While we blame parents, schools, police, vile bureaucrats or evil poor the very talk takes place in an economic system that is barking mad and colours everything we say.  We can suggest role models, child care, more police – whatever and none of this gets to grips with the tragedy or the bullshit means politicians and media have been using to hide it.  We have been so feeble we haven’t been able to stop people running about in hoodies and masked faces.  We will hear over and over that the financial position is this and there is nothing we can do about it.  Cameron re-writes the Riot Act – clearly only a ‘solution’ in terms of hiding the problem and making people victimised like me think the real offense these rioters committed was to bring their estate routines to view.

We could clearly invest in a modern National Service by asking our rich to fund it for 5 years.  They have enough money.  But we don’t like direct language like this.  We speak ‘Orwell’ which contains indefinable terms like ‘responsibility’, probably thought to be something the right kind of individual has as a virtue.  Political language is always escapable, much as Popper said of pseudo-sciences like Marxism and Freudian terminology.  Our “responsible” rich have put it about that they will leave with all “their” money if we ask them for anything.  In ‘Orwell’ this position is already defended by wider language – that we all work hard for our wealth, ‘self-made men’ and the rest.  Through this kind of guff one emerges to the economic model of ‘trickle down’, itself guarded by the lexicon of entrepreneurial innovation – indeed one oceanic language-game after another which one cannot prove.  One can make arguments against it all – but this flies in the face of something we’ve known about argument since the Greeks – one can argue well for all kinds of positions equally well.

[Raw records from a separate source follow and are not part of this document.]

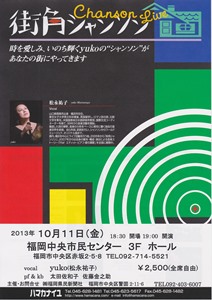 横浜を中心に、生まれ故郷の山口、また全国各地でライブコンサートを開いている yuko(松永祐子)が、身近で「言葉と音のハーモニーを」一緒に共有しましょうと企画した、「街角シャンソン」コンサートを開催する。
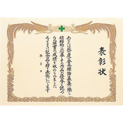 工事現場や工場等での安全表彰用に最適です。緑十字、表彰文言入りで使いやすいです。工事現場、工場等での安全表彰に。 |
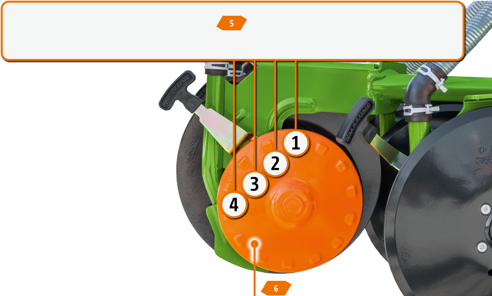 Führungsverlängerung und Saatgutfixierer leiten das Saatgut sicher in den Furchengrund und verhindern ein Verspringen der einzelnen Körner. Der serienmäßige Innenabstreifer, optional auch mit Hartmetallplatten, stellt die exakte Arbeit auch auf klebenden Böden sicher und erhöht die Einsatzsicherheit deutlich.
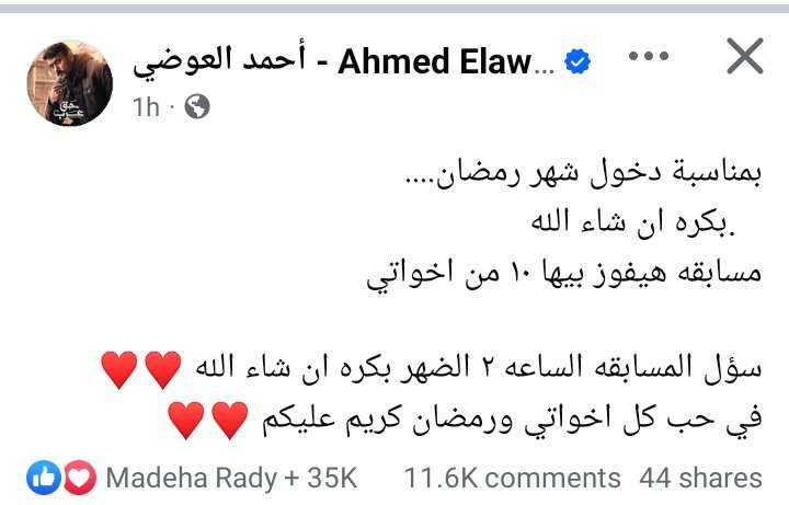 وكتب أحمد العوضي في منشور عبر حسابه الرسمي بموقع التواصل الاجتماعي فيسبوك ورصده موقع تحيا مصر: بمناسبة دخول شهر رمضان.. بكرة إن شاء الله مسابقه هيفوز بيها ١٠ من اخواتي.. سؤل المسابقه الساعه ٢ الضهر بكره ان شاء الله، في حب كل اخواتي ورمضان كريم عليكم.
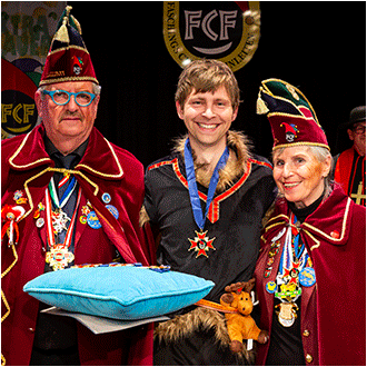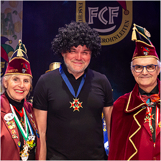 | Als Dank für ihren Einsatz und zur Erinnerung an die schönen Jahre überreichen der neue Präsident und die neue Vizepräsidentin ihren Vorgängern jeweils ein FCF-Fotoalbum. Louis Kraxner wird zudem zum Ehrenpräsidenten des Faschingsclub Frohnleiten ernannt. |
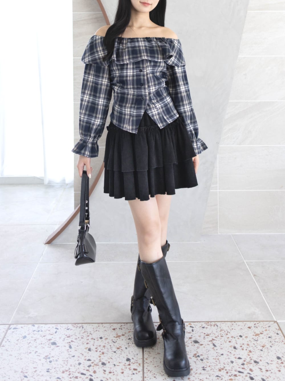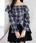 オフショル×チェック柄にブラックのティアードスカートを合わせて 甘さとクールさをバランスよく取り入れたコーデです。

We need a new National Language.  I once thought science was it, but teaching made me realise very few can understand what counts as evidence., let alone the maths and logic and all this relates to creative speculation.  What we get in ‘Orwell’ is blather by people being paid to blather, as though hearing this somehow allows balance.  I don’t believe any of this is any more than a cover to prevent the real accounts being seen.  None of us could ‘read’ the RBS balance sheet before it collapsed, but then most of wouldn’t know governments do false accounting on a regular basis either.  The ‘noble cause’ was once not to let gold leave the country.  False accounting is a long story – the mistake we always make is believing integrity ever works at all other than to stop us seeing the real books.

Our people should be revolting rather than the strange crew looting.  The message seems to get through to the least educated.  Education has taught us not to look for what is wrong.  I suspect technology and engineering are the main reasons for our current productive abilities, not economics.  And that thieving banksters have the real responsibility for the riots.  We will pretend otherwise with harsh sentences and the imposition of yet more secret policing.  We are as thick as mud.

London Riots Bring Out The Old Fascist Mentality

There should have been a curfew in London and across England last night.  There is no excuse for the kind of violence we have seen.

I would like to believe the violence is a political reaction to quite hapless, greedy-rich “government” – but it isn’t in any direct manner.  This is nopolitics Britain.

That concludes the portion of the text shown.